Scanning without credentials is a valid method for identifying what is visible to the scanner and assessing the exterior attack surface of a system, but properly configured credentialed scans are able to look beyond the surface and identify potential issues that may not be apparent. Credentialed scans provide more detailed results that can help to detect outdated software, vulnerabilities, and compliance issues. Without proper credentials, analysts will not be able to obtain accurate information to properly assess an organization's risk posture.

This report delivers an organized list of failed credentialed scans that analysts can use to quickly address scanning issues on a network. The report covers a 25-day scanning history and provides a breakdown of various Windows scan issues and SSH failures, as well as general credential failures. Organizations will find this report useful when reviewed on a daily or weekly basis. The report is organized in a manner that provides timely information that analysts can use to correct any credentialed scan failures.

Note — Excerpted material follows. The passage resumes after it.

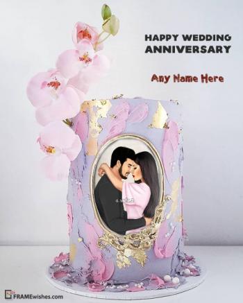 Happy anniversary cake with photo frame and name are freely available here. You can easily share or end these lovely photo frames to any of your friends and relatives.

Critical and Exploitable Vulnerabilities Report

Identifying, prioritizing, and patching existing vulnerabilities on a network can be a difficult task for any analyst to manage effectively. By determining which vulnerabilities are most severe, analysts can properly prioritize vulnerability remediation in order to best protect systems on the network. This report presents a comprehensive look at the critical and exploitable vulnerabilities discovered on the network, which can be useful in reducing the overall attack surface and keeping critical data secured within an organization.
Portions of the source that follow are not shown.